• [BRIEF]
Give the data again exactly, without its images.

== DATA SUPPLIED

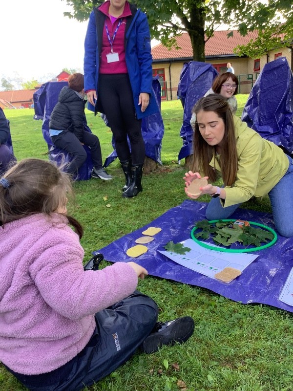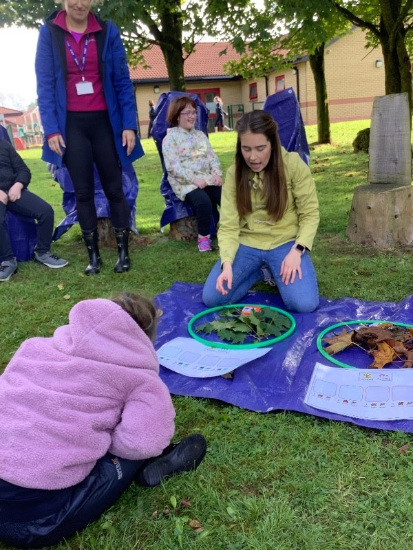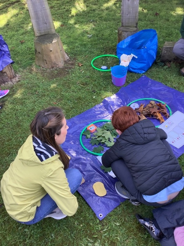 J6 have been participating in forest school sessions within our school grounds. By setting out boundary flags, the class created a boundary where we were to stay inside. The pupils have been exploring autumn changes using their senses and really enjoyed using a senses chart to explore these changes. The class went on an autumn hunt to find green and brown leaves; counted these leaves and compared with a numbers chart. Pupils also collected some sticks to form numerals. J6 participated brilliantly giving the sessions big smiles!
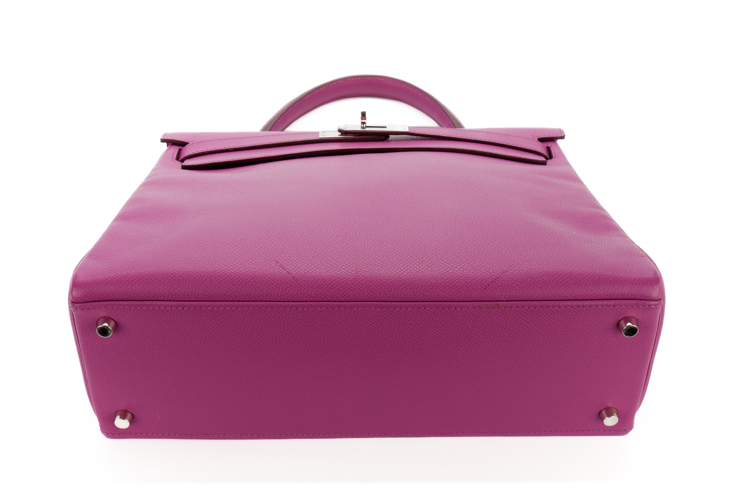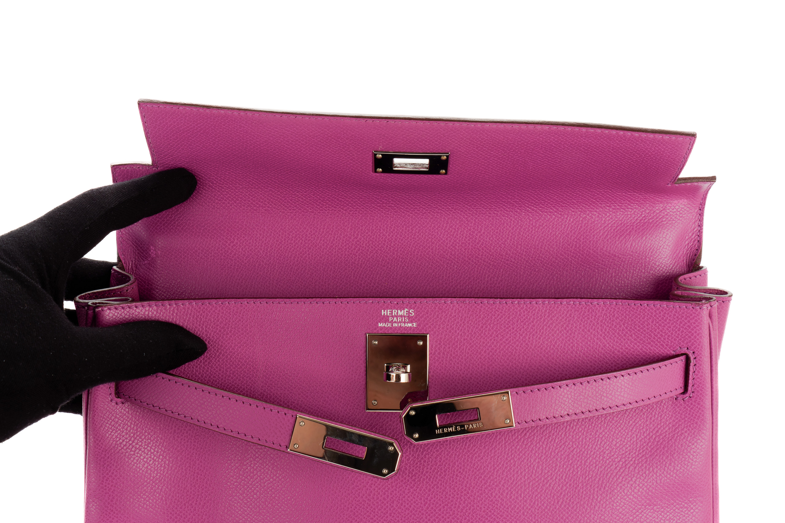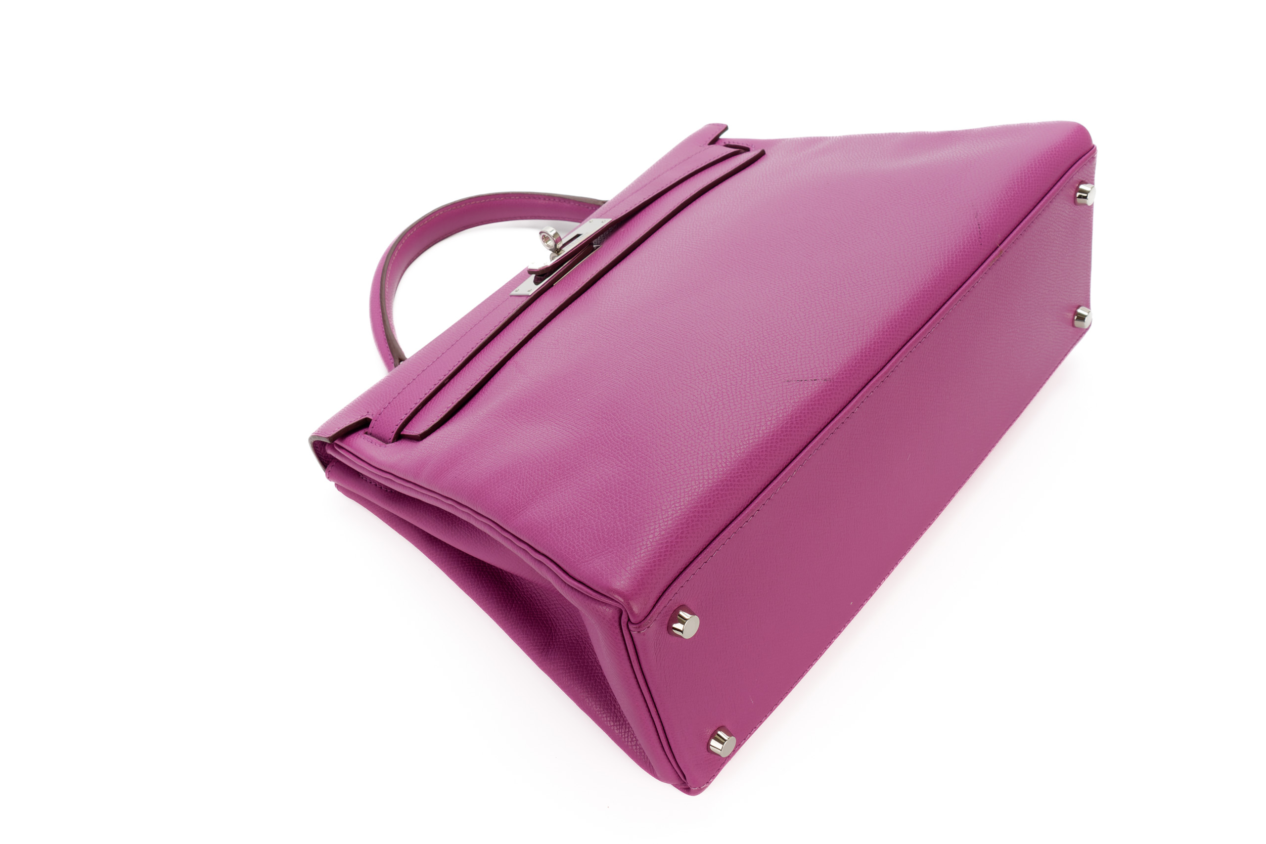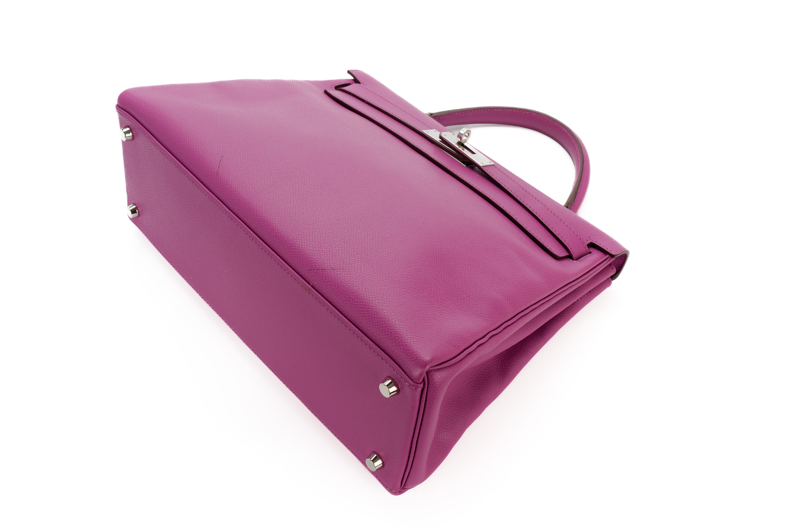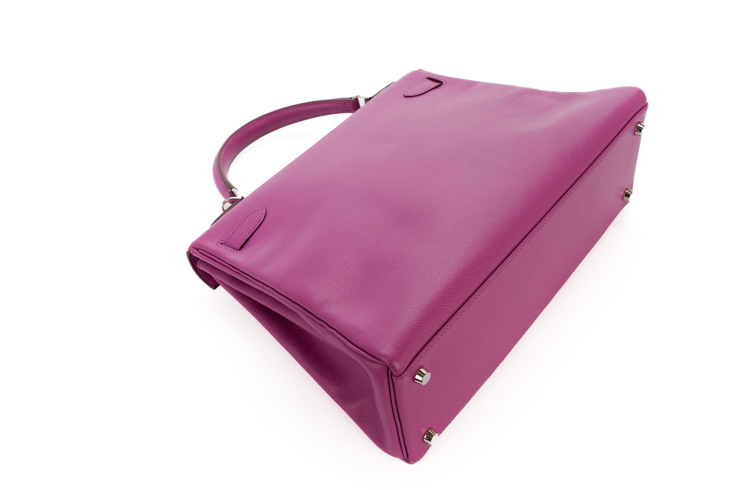 Hermès Kelly 32 Violet Courchevel Palladium Hardware / I Square Stamp 2005, Preloved
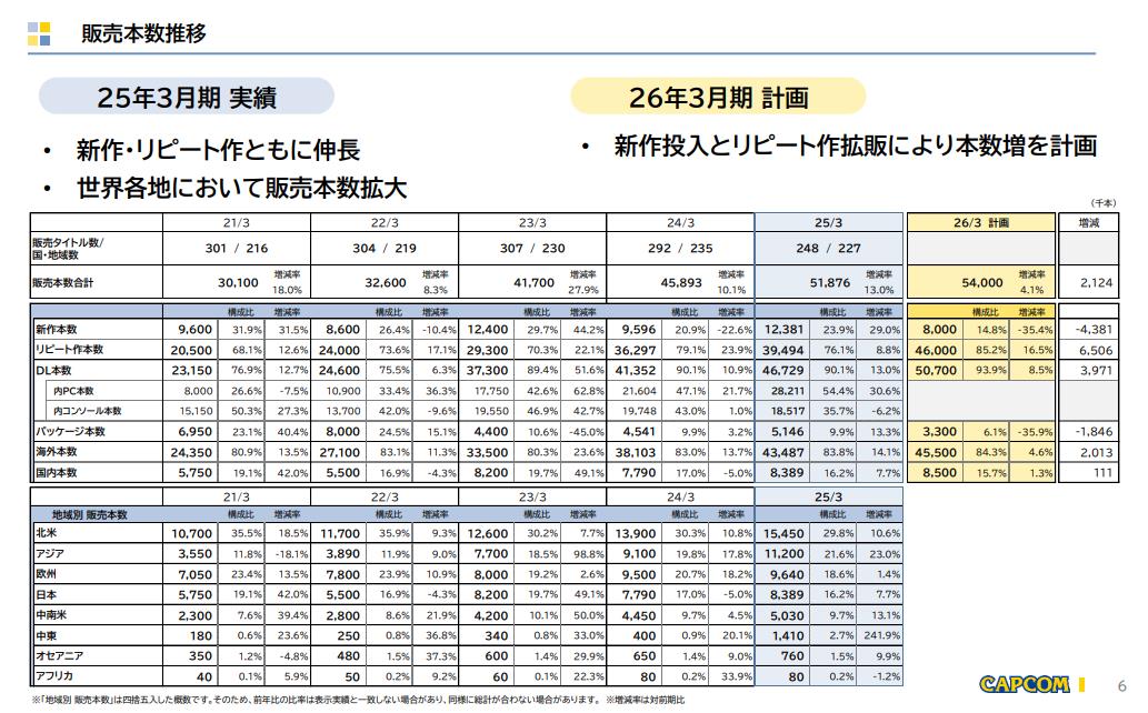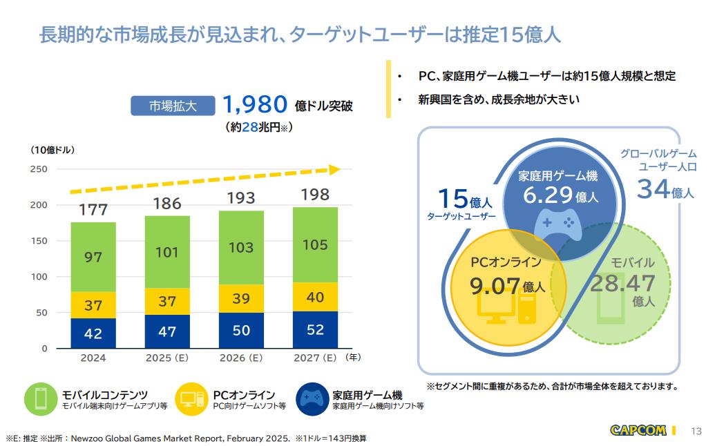 Capcom上一财年旗下数字版游戏中,PC/主机占比分别为54.4%和35.7%。算上实体版的9.9%(基本为主机),即公司PC/主机游戏比约为54:46。根据Newzoo的估算显示,目前每年的PC /主机玩家消费力都会有所增长。故Capcom引用此报告的目的可能是向外界证明公司的业绩在全球范围内仍有很大的成长空间。
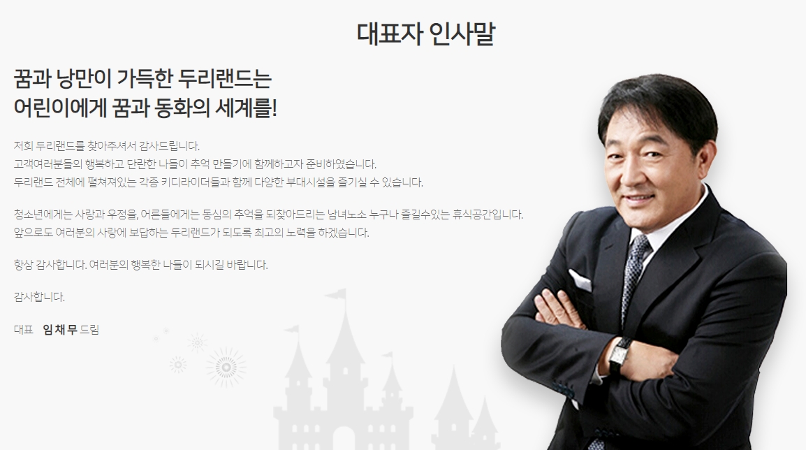 배우 임채무가 운영하는 놀이공원 테마파크 두리랜드입니다.
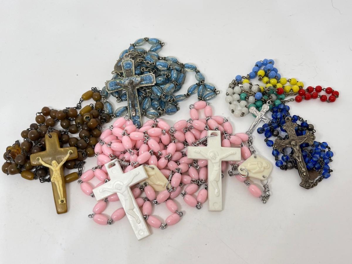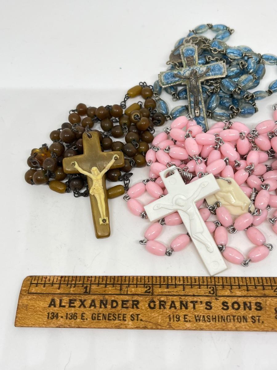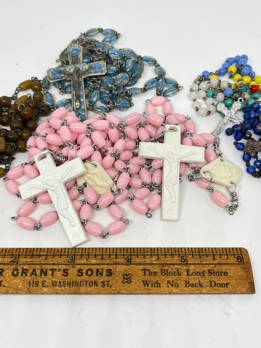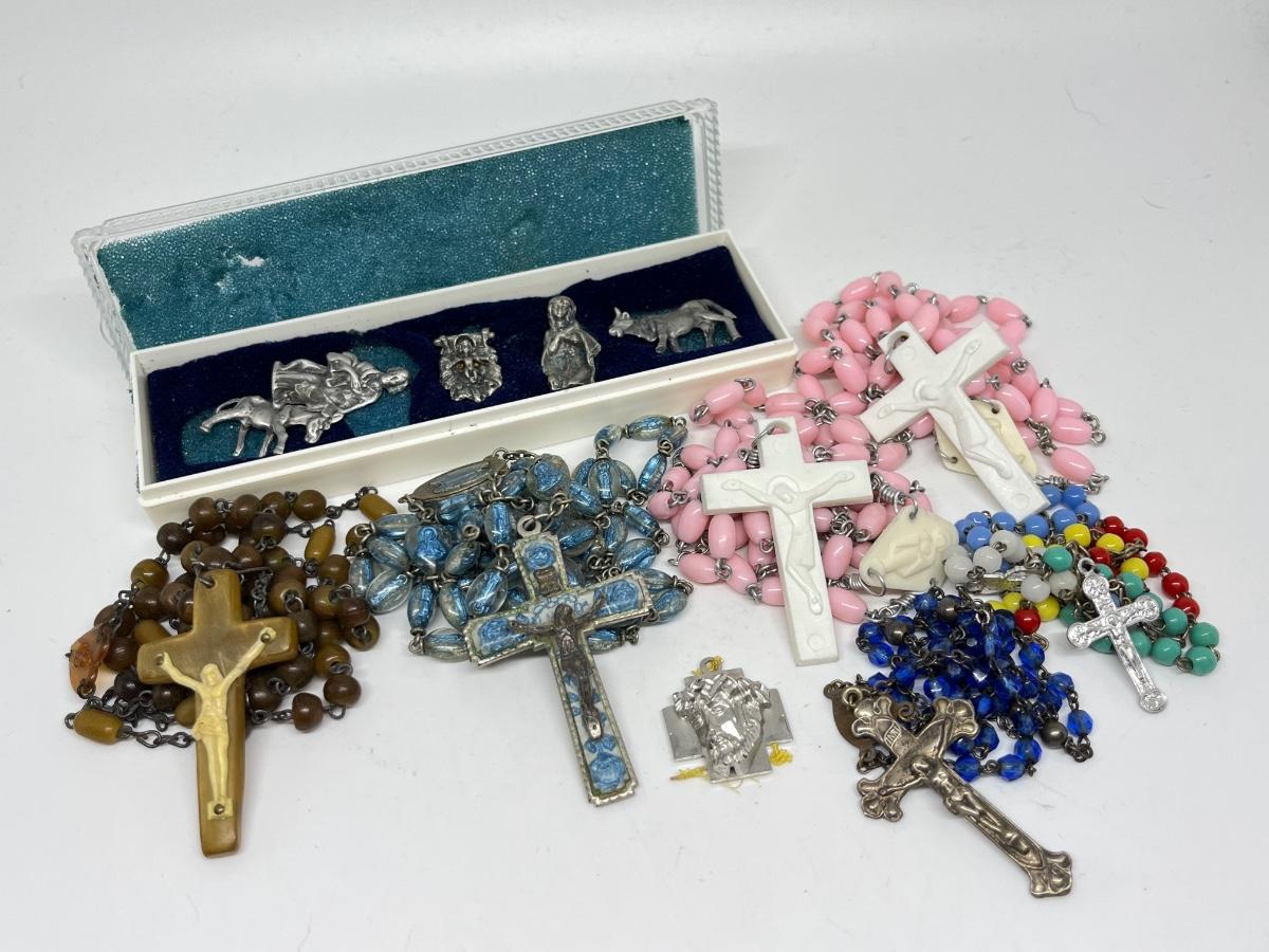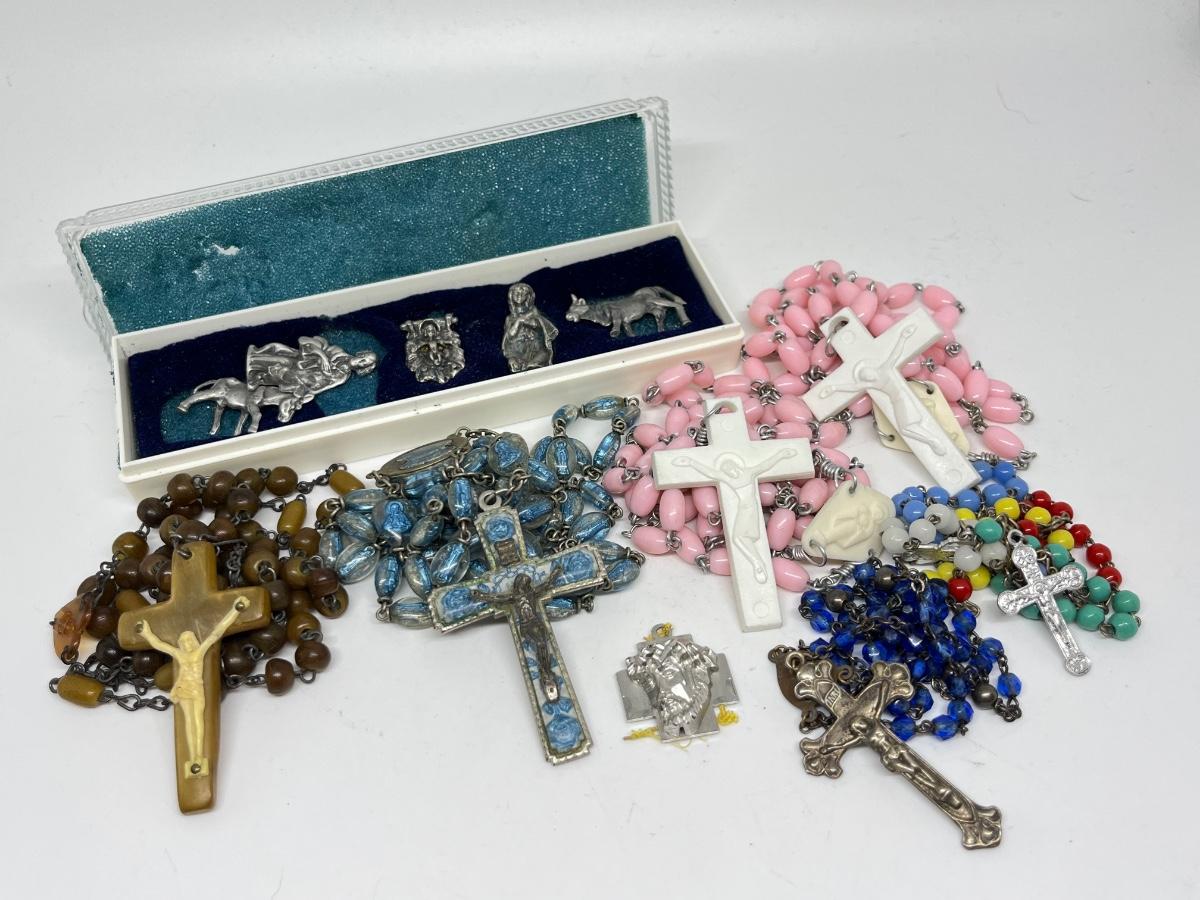 LOT 151: Religious lot - Vintage Rosary Beads , Nativity Scene + More
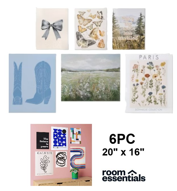 6pc Room Essentials Modern Movement Wall Art Set Poster Prints - 20" x 16" - multi
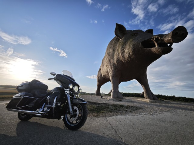 Ik stuur het stadje uit. Eerst een stuk binnendoor, kronkelend over de doorgaande wegen en dan toch naar de snelweg. Daar zie ik het gigantische wild zwijn, Woinic, opdoemen, dus even de afslag nemen naar de andere kant voor foto en film.
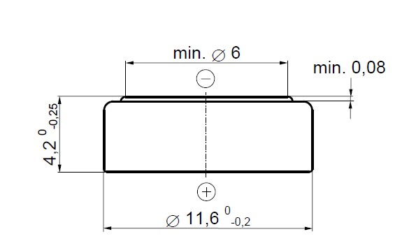 LR1120 features: (1)Chemical system Zinc / Manganese Dioxide, high drain; (2)Nominal Voltage 1,5 V; (3)Capacity 73 mAh, Discharge over 5,62 kΩ at 20℃ to 0,9 V; (4)Internal Resistance Below 20 Ω at 20℃; (5)Operating Temperature 0℃ – 60℃; (6)Self Discharge Less than 10% per year at 20℃; (7)Weight ~1,36 g.

====

• [ANSWER TO THIS EXERCISE]
 J6 have been participating in forest school sessions within our school grounds. By setting out boundary flags, the class created a boundary where we were to stay inside. The pupils have been exploring autumn changes using their senses and really enjoyed using a senses chart to explore these changes. The class went on an autumn hunt to find green and brown leaves; counted these leaves and compared with a numbers chart. Pupils also collected some sticks to form numerals. J6 participated brilliantly giving the sessions big smiles!
 Hermès Kelly 32 Violet Courchevel Palladium Hardware / I Square Stamp 2005, Preloved
 Capcom上一财年旗下数字版游戏中,PC/主机占比分别为54.4%和35.7%。算上实体版的9.9%(基本为主机),即公司PC/主机游戏比约为54:46。根据Newzoo的估算显示,目前每年的PC /主机玩家消费力都会有所增长。故Capcom引用此报告的目的可能是向外界证明公司的业绩在全球范围内仍有很大的成长空间。
 배우 임채무가 운영하는 놀이공원 테마파크 두리랜드입니다.
 LOT 151: Religious lot - Vintage Rosary Beads , Nativity Scene + More
 6pc Room Essentials Modern Movement Wall Art Set Poster Prints - 20" x 16" - multi
 Ik stuur het stadje uit. Eerst een stuk binnendoor, kronkelend over de doorgaande wegen en dan toch naar de snelweg. Daar zie ik het gigantische wild zwijn, Woinic, opdoemen, dus even de afslag nemen naar de andere kant voor foto en film.
 LR1120 features: (1)Chemical system Zinc / Manganese Dioxide, high drain; (2)Nominal Voltage 1,5 V; (3)Capacity 73 mAh, Discharge over 5,62 kΩ at 20℃ to 0,9 V; (4)Internal Resistance Below 20 Ω at 20℃; (5)Operating Temperature 0℃ – 60℃; (6)Self Discharge Less than 10% per year at 20℃; (7)Weight ~1,36 g.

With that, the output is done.